[Problem]
Return all the lines below exactly. Any picture among them is omitted.

[Information shown]

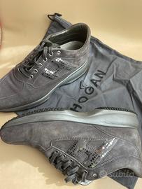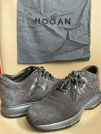 ✨Sneakers Hogan Interactive H Lamina Paillettes - Donna n. 38 Vendo sneakers originali Hogan Interactive H Lamina Paillettes, colore grigio/catrame in camoscio con iconica H laterale impreziosita da paillettes. ‼️Taglia: 38 Condizioni: nuove (vedi foto). 💥Dotazione completa di scatola e dust bag Hogan.
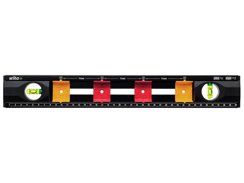 The Wiha Electrician's Spirit Level is built for measuring and marking vertical and horizontal distances between flush boxes. End-to-end casing allows electricians to mark out lines without needing to stop. The ingeniously positioned linear scales ensure users can measure in comfort, even when viewing from above. Both level bubbles can be seen easily, even from an acute angle.
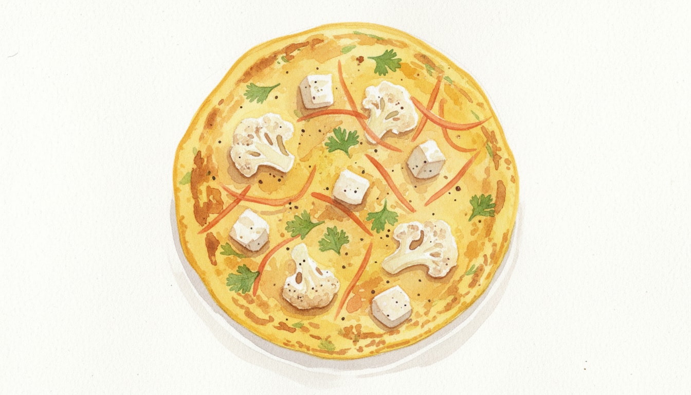 Add the grated cauliflower, carrots, ginger, green chili, and cilantro. Fold gently. Add the crumbled cottage cheese last, folding lightly to keep distinct curds intact. Let batter rest for 15 minutes.
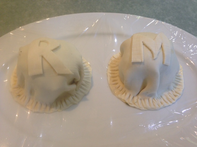 Maggie then added puff pastry initials to each piece and brushed the finished product with the egg wash.

[Finished task]
 ✨Sneakers Hogan Interactive H Lamina Paillettes - Donna n. 38 Vendo sneakers originali Hogan Interactive H Lamina Paillettes, colore grigio/catrame in camoscio con iconica H laterale impreziosita da paillettes. ‼️Taglia: 38 Condizioni: nuove (vedi foto). 💥Dotazione completa di scatola e dust bag Hogan.
 The Wiha Electrician's Spirit Level is built for measuring and marking vertical and horizontal distances between flush boxes. End-to-end casing allows electricians to mark out lines without needing to stop. The ingeniously positioned linear scales ensure users can measure in comfort, even when viewing from above. Both level bubbles can be seen easily, even from an acute angle.
 Add the grated cauliflower, carrots, ginger, green chili, and cilantro. Fold gently. Add the crumbled cottage cheese last, folding lightly to keep distinct curds intact. Let batter rest for 15 minutes.
 Maggie then added puff pastry initials to each piece and brushed the finished product with the egg wash.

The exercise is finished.